The focus in Portland this summer has been on Greg Oden, the 7-foot center who broke his kneecap last December and sat out the remainder of the season to recover from surgery. When the former No. 1 pick arrived for the start of camp on Monday, he said wasn't sure when he'd return this season.

When asked if he'd be ready to play by Christmas, Oden simply shrugged, according to The Associated Press.

"I wish I could honestly say there's a timeline, but there's not," he told reporters. "There's good days and bad days."

Oden missed his rookie season after undergoing microfracture surgery on his right knee, and then he missed six games the following season after injuring his right foot in the season opener. Later in the 2008-09 season, Oden sat out another 14 games with a bone chip in his left knee before finishing the season with averages of 8.9 points and 7 rebounds.

But the Blazers' concerns down low go beyond Oden. Fellow center Joel Przybilla, who also missed a good portion of last season with a knee injury, said Monday that he felt great and was way ahead of schedule -- although he too probably wouldn't be available on opening night. Coach Nate McMillan said Marcus Camby would start at center.


As the C's opened camp in Newport, R.I., on Tuesday, newcomer Shaq said he doesn't expect to encounter any trouble in adjusting to his new team. The big man signed a two-year deal with the Celtics at a veteran's minimum this summer to help fill in for the injuried Kendrick Perkins down low.

"I just wanted to come to an organization that's used to winning," Shaq told about his reason for joining the team. "I'm used to winning. I only have 735 days left and then my career will be over.

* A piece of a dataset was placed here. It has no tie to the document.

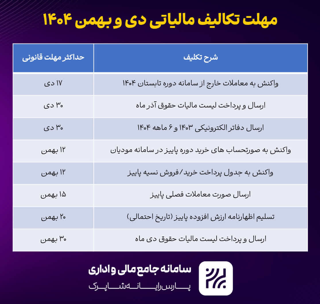 📌 مهلتهای مهم مالیاتی دی ماه ۱۴۰۴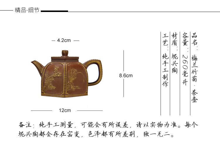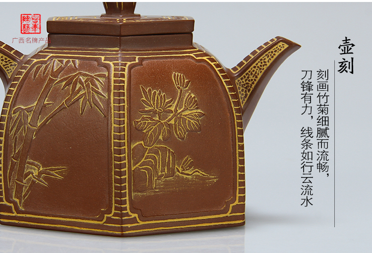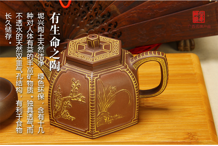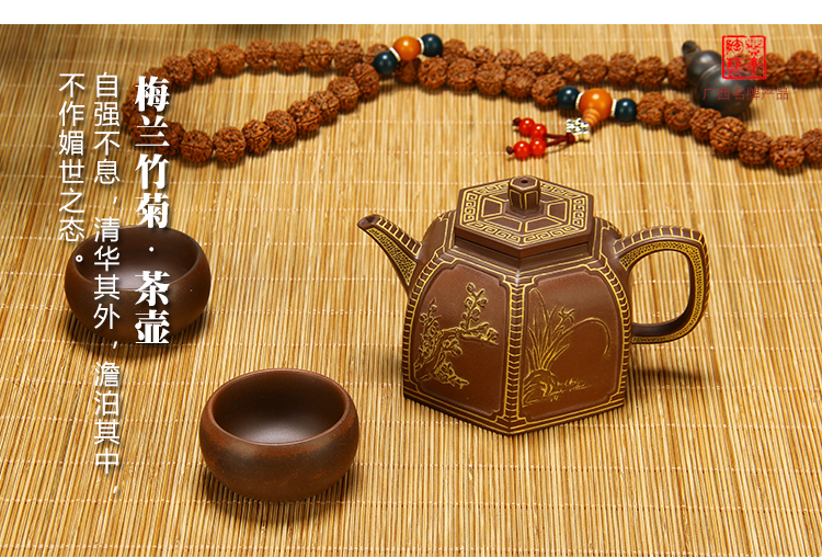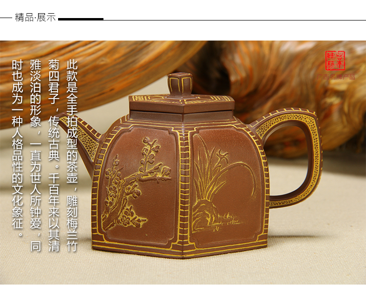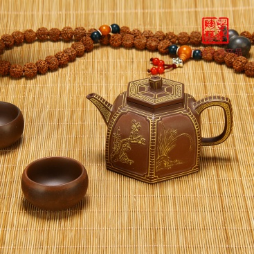 • 商品名称:梅兰竹菊-茶壶 坭兴陶 登峰

"At this point in my career, it's not about what I can do individually. I've got 28,000 points, 12,000 rebounds so I've been there and done that.

"I'm 38 years old. I have no quarrels, no beef. It's all about the team, it's all about the city of Boston. Whatever they need me to do, the Big Shamrock will do."


The start of a season has never been kind to Eddy Curry. And this year is no different.

An MRI revealed Curry strained his right hamstring in practice on Sunday and will need four to six weeks to recover. He is not expected to make the trip to Europe for the team's exhibitions in Italy and Paris the first week of October.

The day before camp opened last year, Curry was hospitalized with an illnees, and the year before that, he tore a calf muscle on the first day of practice.

The latest injury prompted questions about whether Curry, who has an expiring $11.3 million contract and has played only 10 games the past two seasons, has actually been working out on his own this offseason. While coach Mike D'Antoni and team president Donnie Walsh didn't think his conditioning was an issue, Curry's newest teammate, Amar'e Stoudemire had an interesting remark about the team's health.

"The great thing about this is the fact that we came in so early this summer, to where this doesn't feel hard to us," Stoudemire told Newsday's Alan Hahn. "If we didn't come in early, this would feel like one of the hardest training camps I've ever been a part of. But all the guys are in shape."